B. Accumulation of materials
- Materials such as organic matter and decomposing materials or new mineral materials are added to the soil by the forces of ice, water, or wind and they accumulate over time.
- In the case of poorly drained soils, the organic matter accumulates since water-logging prevents it from being oxidized or broken down by soil organisms.
- However, in the case of well-drained soils, the accumulation of materials occurs when the root systems hold them up.
- Particle depositions by the forces of wind, water, or ice equally aid in the accumulation of new materials.
- Some plants with the help of symbiotic bacteria fix atmospheric nitrogen and ammonia compounds into the soil as nitrates.
- Leaching is the removal of soluble components of the soil column by water.
- The water washing down through the soil carries bases like calcium, held as exchangeable ions in clay-humus complexes, as well as acidification by the substitution of hydrogen ions.
- Through the movement of water, wind, ice, or by the uptake of the accumulated materials by plants, new particles including clay, organic matter, clay, silt, or other chemical compounds get leached and eroded or taken up by plants.

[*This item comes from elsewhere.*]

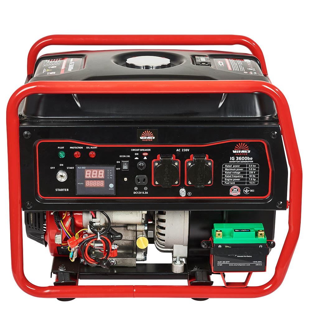 Бензиновий інверторний генератор Vitals Master IG 3600be — компактний переносний електричний агрегат, призначений для резервного або аварійного живлення побутових споживачів. Виробляє правильний однофазний змінний струм напругою 230 В, частотою 50 Гц.

- Thus, the physical and chemical compositions of the new accumulated materials together with the soil parent material are altered.
- Transformation is the chemical weathering of soil particles, including silt, sand, and clay minerals as well as the change of organic materials into degradation-resistant organic matter.
- Following transformation, the clay and other accumulated materials are washed from the upper layer and deposited in the lower horizons.
- The soil organisms like plants and animals are also responsible for the transformation of the soil by the physical and chemical breakdown of the materials.
- The soil begins to take shape on its own through transformation, which improves water retention capacity and nutrient composition.
- Calcification occurs when the removal of water via evapotranspiration exceeds precipitation causing the upward movement of dissolved alkaline salts from the groundwater.
- Meanwhile, the movement of rainwater causes a downward movement of the salts.
Examples of popular Soil Formation
- A classic example of soil formation is that of the lake beds in the theMakgadikgadi Pans of the Kalahari Desert. The change in the river course of the lake over the millennia resulting in the salinity buildup and formation of different rocks.
- Another example of soil formation is the island arcs in the Philippines and Japan, following volcanoes that result in the formation of basaltic rocks. The rocks then undergo various soil formation processes resulting in various soil horizons.